Variants of BASIC are available on graphing and otherwise programmable calculators made by Texas Instruments (TI-BASIC), HP (HP BASIC), Casio (Casio BASIC), and others.

Windows command-line

[edit]

QBasic, a version of Microsoft QuickBASIC without the linker to make EXE files, is present in the Windows NT and DOS-Windows 95 streams of operating systems and can be obtained for more recent releases like Windows 7 which do not have them. Prior to DOS 5, the Basic interpreter was GW-Basic. QuickBasic is part of a series of three languages issued by Microsoft for the home and office power user and small-scale professional development; QuickC and QuickPascal are the other two. For Windows 95 and 98, which do not have QBasic installed by default, they can be copied from the installation disc, which will have a set of directories for old and optional software; other missing commands like Exe2Bin and others are in these same directories.

Other

[edit]
BASIC came to some video game systems, such as the Famicom.

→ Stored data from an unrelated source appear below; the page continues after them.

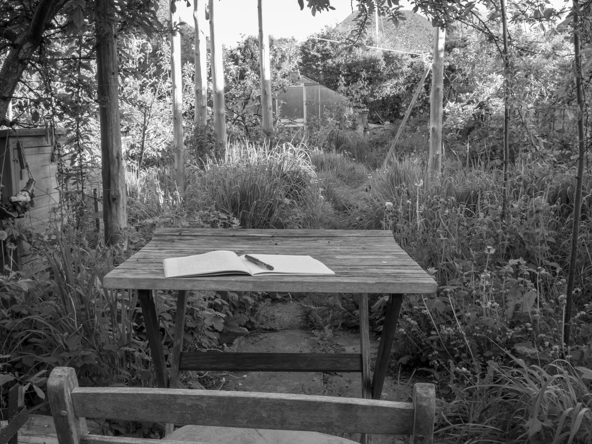 This garden is amazing. The poles came from your wood, Jonathan, and the hazel. It is your funeral today. You never saw this. This is where I sit every day in the summer, under the plum arch. The collared doves are moaning and a goldfinch sings – the song containing the call. The distant road files past. Here is wood avens, forget-me-not, dandelion, herb robert, red campion. The yellow plums are tiny green pips at the moment – they produced fifty pounds last year! There are grasses with beads of dew on their tips. Behind me I can hear the sparrows arguing, and one or two fly past, trying to get away. I hear the wings of a wood pigeon clapping. I didn’t know you very well, Jonathan. A relation, not a friend. I’m sorry about that. You sold your house and bought a wood, I know that. That is rather wonderful. This morning I saw pictures on Facebook of the making of your coffin, and I know something I did not know before – how you were loved by your friends. I’m sorry I wasn’t your friend – a blackbird has landed on the top of the mast just beyond the end of my garden. Blackbirds often perch on the top of the poles in my garden – my Alhambra pillars – peeled western red cedar from your wood and arranged here to give me a flavour of the Alhambra. Beside me hazel sticks support the plum arch. I got those from you too, not long ago. Yesterday I hung bird feeders on them and just now a gang of sparrows turned up – don’t mind me, I thought, and they didn’t. It’s quite cool this morning, early, but it will be hot later. A wood pigeon calls, ‘Fetch two poles Josie, fetch two poles’ and another answers. I pause and look down at my wild garden, my wilderness. A wilderness full of fruit trees and wild flowers and herbs. I can make a salad from this garden, a leaf here, a flower there. I can make herb tea – peppermint, nettle, herb robert, raspberry leaf.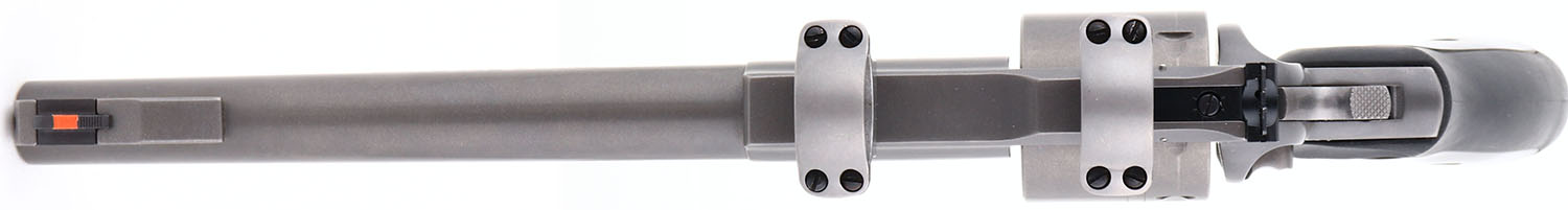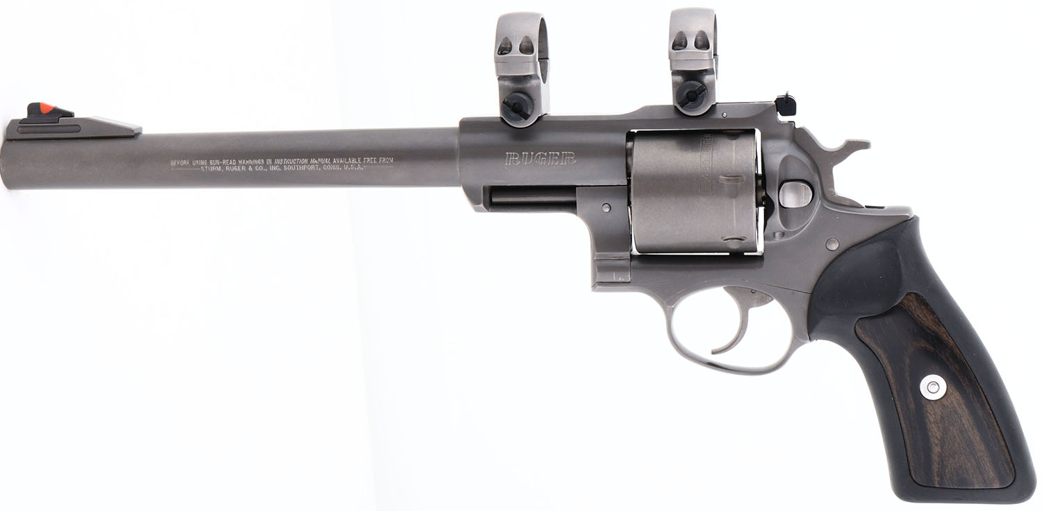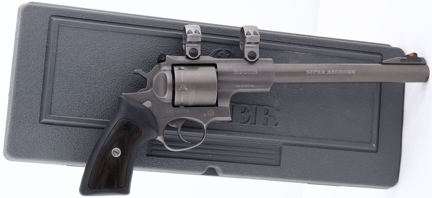 CASED, Ruger, Super Redhawk, CAL: .480 Ruger, MFG: 2001, SN: 551-99528, Double Action Revolver, 9 1/2'' barrel. The original wood & rubber grips are excellent. The matte grey finish rates 99%+. Bore is excellent & minty. Factory sights. Frame has integrated scope ring mounts. Comes in original box, with owners manual, test fire cartridge, scope rings, lock & key. The scope for this gun is in our Miscellaneous section, to view the scope, visit Lot # 90563. FFL Req. - Value: 800 to 1600
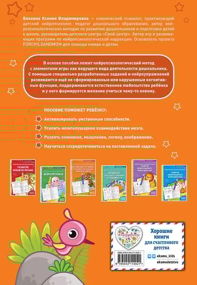 Обучающее пособие от издательства «Эксмо» разработано практикующим нейропсихологом и поможет ребёнку активизировать умственные способности, основываясь на нейропсихологическом методе обучения. Чем лучше взаимодействуют оба полушария, тем эффективнее дошкольник воспринимает информацию и адаптируется к новым видам деятельности.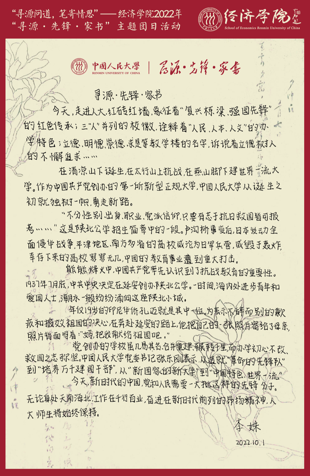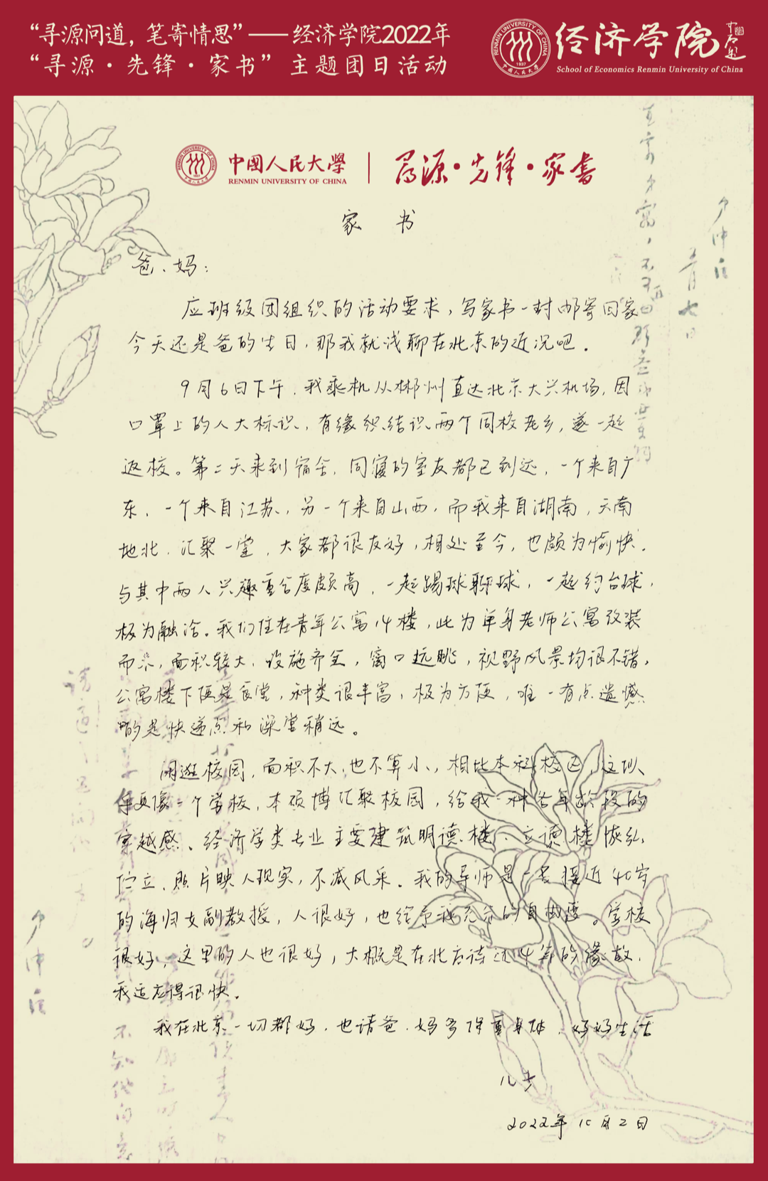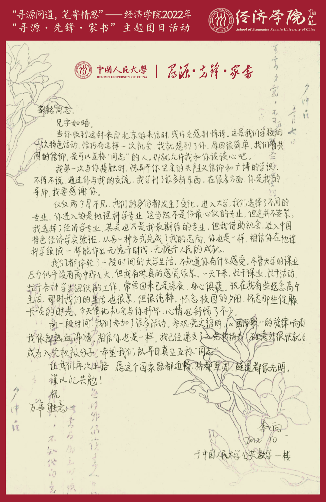 家书是个人志向承托的载体,是与亲友间情感维系的纽带,更是根植于每位中华儿女内心深处的家国情怀。各新生团支部的同学们通过手写“寻源·先锋·家书”,将自己对人大人时代使命的思考付诸笔端。
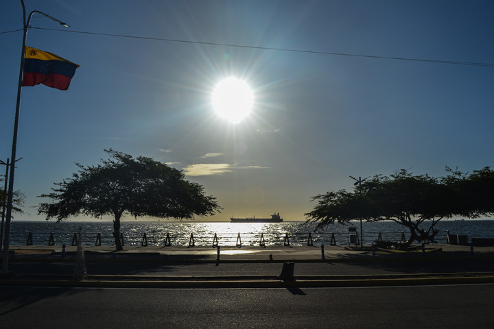 2025年12月23日,一艘油輪停泊在委內(nèi)瑞拉蘇利亞州馬拉開波湖上。當(dāng)?shù)啬繐粽呷涨跋蛐氯A社透露,23日在該國(guó)西部馬拉開波湖這一核心產(chǎn)油區(qū),仍可見油輪正在等待出?;虼┻^拉斐爾·烏達(dá)內(nèi)塔將軍大橋進(jìn)入巴霍格蘭德港口。新華社發(fā)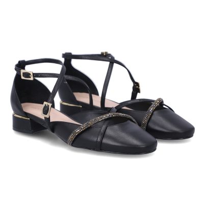 Sapatilha Luz da Lua em couro. O modelo tem bico arredondado e salto baixo, com aplicação de peça dourada. Possui tiras finas sobre os dedos e peito do pé e aplicação de tira com cristais. O fechamento é com tira no tornozelo e fivela em metal exclusivo Luz da Lua. Detalhe para traseiro fechado.
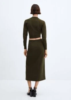 tissu en maille fine, croise, coupe droite, coupe midi, taille haute, taille elastiquee, sans fermetureComposition: 52% viscose,28% polyester,20% polyamide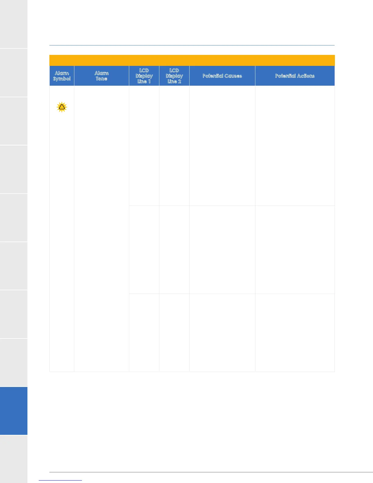 9.0 Quick Reference Guide for Alarms (continued)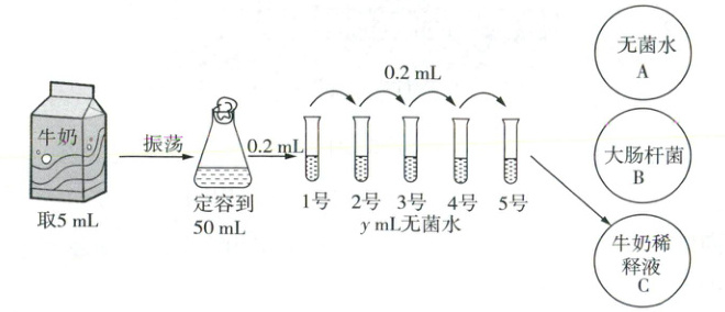 A.若图中牛奶稀释液在每支试管中的稀释倍数与定容时相同,则y应为0.8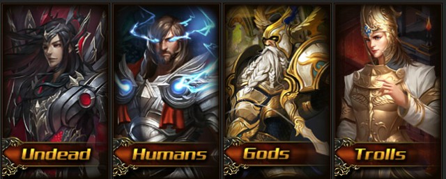 In each battleground there are 4 factions: Gods, Humans, Trolls, and the Undead. Each of these represents a different element and guardian as shown below.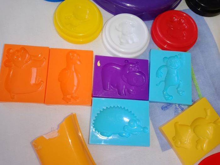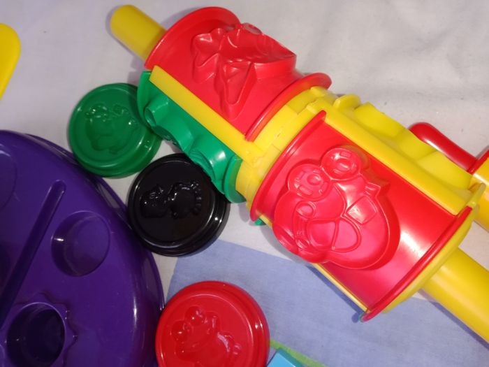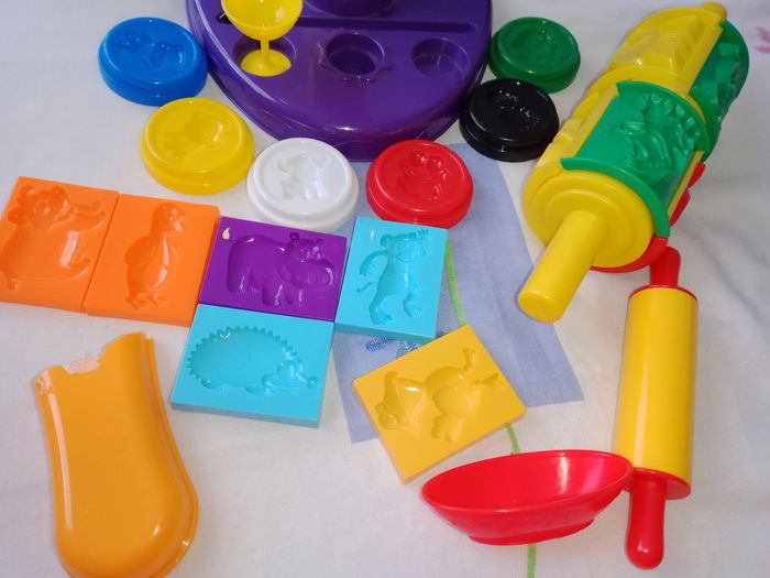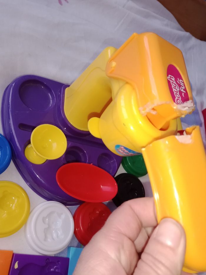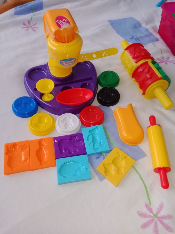 machine à glace Dough fun, Ice cream machine Poignée cassée mais toujours possible de l'utiliser sans. Avec plusieurs accessoires Dont 1 rouleau avec 6 formes qui peuvent être enlever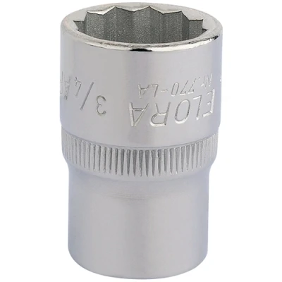 General description This is a professional-quality bi-hexagon socket designed for 1/2 inch square drive applications. It is suitable for use with various tools and provides a secure fit for fasteners. Technical specifications Size: 1/2 inch square drive, compatible with 3/4 inch and 1/2 inch sizes Material: Chrome vanadium steel, hardened and tempered for durability Finish: Chrome plated for corrosion resistance Standards: Manufactured in accordance with DIN 3122 and ISO 3315 specifications Compatibility and accessories Compatible with standard 1/2 inch drive tools Designed for use with various sockets and accessories that fit a 1/2 inch square drive Installation Insert the socket onto the corresponding drive tool Ensure the socket is properly seated before applying torque Usage Use with appropriate ratchets or drive tools for tightening or loosening fasteners Chamfered end allows for easy nut entry and positive engagement Spring-loaded hole for driving accessories enhances
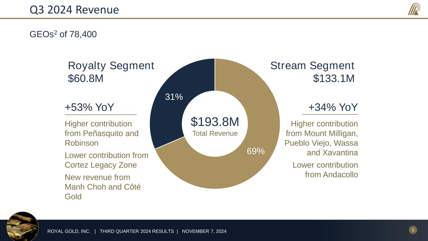 4ROYAL GOLD, INC. | THIRD QUARTER 2024 RESULTS | NOVEMBER 7, 2024 Q3 2024 Overview • Highlights • Record revenue of $193.8M • Cash flow from operations of $136.7M • Net income of $96.2M, or $1.46/share • After adjustments,1 record net income of $96.6M, or $1.47/share • $26.3M dividends paid • $50M repaid on revolving credit facility • $0 debt outstanding • Available liquidity of approximately $1.1B • Other notable developments • First royalty revenue recognized from Manh Choh and Côté Gold mines • Change to reserve and resource disclosure due to regulation SK 1300

The various Microsoft, Lotus, and Corel office suites and related products are programmable with Visual Basic in one form or another, including LotusScript, which is very similar to VBA 6. The Host Explorer terminal emulator uses WWB as a macro language; or more recently the programme and the suite in which it is contained is programmable in an in-house Basic variant known as Hummingbird Basic. The VBScript variant is used for programming web content, Outlook 97, Internet Explorer, and the Windows Script Host. WSH also has a Visual Basic for Applications (VBA) engine installed as the third of the default engines along with VBScript, JScript, and the numerous proprietary or open source engines which can be installed like PerlScript, a couple of Rexx-based engines, Python, Ruby, Tcl, Delphi, XLNT, PHP, and others; meaning that the two versions of Basic can be used along with the other mentioned languages, as well as LotusScript, in a WSF file, through the component object model, and other WSH and VBA constructions. VBScript is one of the languages that can be accessed by the 4DOS, 4NT, and Take Command enhanced shells. SaxBasic and WWB are also very similar to the Visual Basic line of Basic implementations. The pre-Office 97 macro language for Microsoft Word is known as WordBASIC. Excel 4 and 5 use Visual Basic itself as a macro language. Chipmunk Basic, an interpreter similar to BASICs of the 1970s, is available for Linux, Windows, and macOS.

Legacy

[edit]

The ubiquity of BASIC interpreters on personal computers was such that textbooks once included simple "Try It In BASIC" exercises that encouraged students to experiment with mathematical and computational concepts on classroom or home computers. Popular computer magazines of the day typically included type-in programs.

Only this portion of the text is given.